Charli Adams: I could talk about the alternative indie scene in Nashville for days, it’s so impressive. There’s honestly so much indie music in this city, I can’t keep up. I naturally associated Nashville with Country music when I started traveling to town and was quickly corrected. I owe so much inspiration to the alternative scene here, this town is saturated with visionaries and hard working kids collaborating and supporting one another. I think that’s what I find so rare about Nashville that I haven’t experienced anywhere else is how strong the sense of community is. Before any industry got involved, my friends and I would band together and put on shows at any local venue that would have us. We would find local artists to make posters and put our friends on the bill, it was really inspiring to be surrounded by so many talented, driven artists.
You’ve been likened to Phoebe Bridgers, Sharon Van Etten, Angel Olsen, etc. Who do you consider to be your musical influences?
Charli Adams: I think sonically, I find myself influenced by cinematic or anthemic records, bands like The Cure, The 1975, Bon Iver. When It comes to songwriting I think I’m most influenced by more honest poetic writers, like Elliott Smith. I’ve always gravitated towards songs that make me feel something, so classic emo music has also heavily influenced my records.
Who created your cover art and how does it reflect your sound/the EP?
Charli Adams: Sara Carter (@arasretrac) is the artist that helped create the art for Good At Being Young. Each song on this EP is really personal, so I wanted the artwork to be as true to the song as possible. It was really special creating a specific visual that meant something to me, for each song. I would take a photo of a specific location with an idea for symbolism and Sara would bring it to life. I wanted the animation to keep the youthful essence of the EP.
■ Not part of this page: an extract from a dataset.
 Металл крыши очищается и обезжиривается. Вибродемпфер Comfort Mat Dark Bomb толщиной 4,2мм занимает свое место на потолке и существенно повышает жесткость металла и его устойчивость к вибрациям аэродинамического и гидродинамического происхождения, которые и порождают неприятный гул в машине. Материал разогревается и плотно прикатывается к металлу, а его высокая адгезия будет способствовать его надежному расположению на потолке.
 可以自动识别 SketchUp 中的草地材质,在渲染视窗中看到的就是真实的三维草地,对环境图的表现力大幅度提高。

Each song on this EP is really personal, so I wanted the artwork to be as true to the song as possible.
Your EP is titled Good At Being Young. Even though you moved to Nashville on your own at 17, do you still feel “young”? Is being young an age or certain behaviors? What is “young” to you and how does it feel?
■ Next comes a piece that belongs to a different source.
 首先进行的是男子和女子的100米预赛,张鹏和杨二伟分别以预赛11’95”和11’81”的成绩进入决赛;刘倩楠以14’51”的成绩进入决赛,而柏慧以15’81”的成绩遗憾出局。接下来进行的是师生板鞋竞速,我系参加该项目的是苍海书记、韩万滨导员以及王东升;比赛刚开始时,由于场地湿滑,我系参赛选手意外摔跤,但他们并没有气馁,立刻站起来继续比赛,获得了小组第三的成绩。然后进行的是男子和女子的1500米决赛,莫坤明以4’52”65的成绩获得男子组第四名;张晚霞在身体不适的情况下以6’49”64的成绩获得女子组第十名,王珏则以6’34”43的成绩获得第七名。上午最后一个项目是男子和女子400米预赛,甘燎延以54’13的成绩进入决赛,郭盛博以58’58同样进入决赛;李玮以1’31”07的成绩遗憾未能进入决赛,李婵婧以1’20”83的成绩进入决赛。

Charli Adams: Good At Being Young is really about retrieving that emotion and the feeling of youth when things get too heavy. I did grow up quickly, but that never really stopped me from giving myself fully to a moment in a childlike way. I wrote this EP during the most formative years of my life, when I was feeling everything in a really heightened way. I think that’s what being young means to me, at least in this context, feeling the current moment like it’s the first time. As I get older it is easy to lose touch of that, but that’s when I get in my car, go for a drive & put on “Kiss me, Kiss me, Kiss me” by The Cure.
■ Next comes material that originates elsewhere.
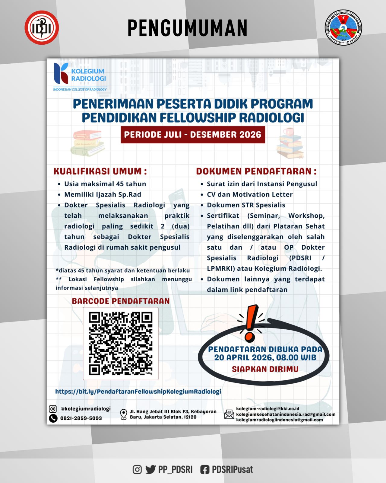 Kepada Dokter Spesialis Radiologi yang berminat agar dapat mempersiapkan dokumen. Informasi Dokumen Persyaratan dapat dilihat melalui link https://bit.ly/PendaftaranFellowshipKolegiumRadiologi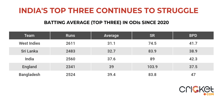Virat Kohli’s struggle has been well-documented. Throwing light on that will be as inconsequential, given how the whole country is talking about it. While Kohli averages 45.6 chasing totals, his inability to convert the start into a three-figure score has often been a worrying sign for India. Now combine that struggle with Shikhar Dhawan’s. Dhawan’s last ODI century was in June 2019, and while since then, the left-hander has scores of 98 and 86*, a big score has been missing.

You reference cars a lot in this EP — “Passenger Seat,” “Backseat” — what’s the significance of cars/driving? Do you have any must-listen-to-while-driving songs?
Charli Adams: When I was writing this EP, I spent most of my time driving. It’s how I clear my head. My car at the time only had a CD player so I would put an album in and drive until I couldn’t anymore. I once drove all the way to Memphis on accident listening to 22, A Million by Bon Iver. That record was all I listened to one fall. I have Cardinal by Pinegrove on CD as well, that’s a really great driving record. Oh, and if you’re ever driving through back roads of Tennessee, just listen to Nebraska by Bruce Springsteen.
Do you have any immediate goals for the future? What’s next?
Charli Adams: It’s been a pretty busy time. I’ve been working on the EP that will follow “Good At Being Young” and writing for an album. Last year was somewhat unpredictable, I toured in places I had never been, collaborated with artists that I admire, and met some amazing people. I’m just excited to see where this one takes me.
I once drove all the way to Memphis on accident listening to 22, A Million by Bon Iver. That record was all I listened to one fall.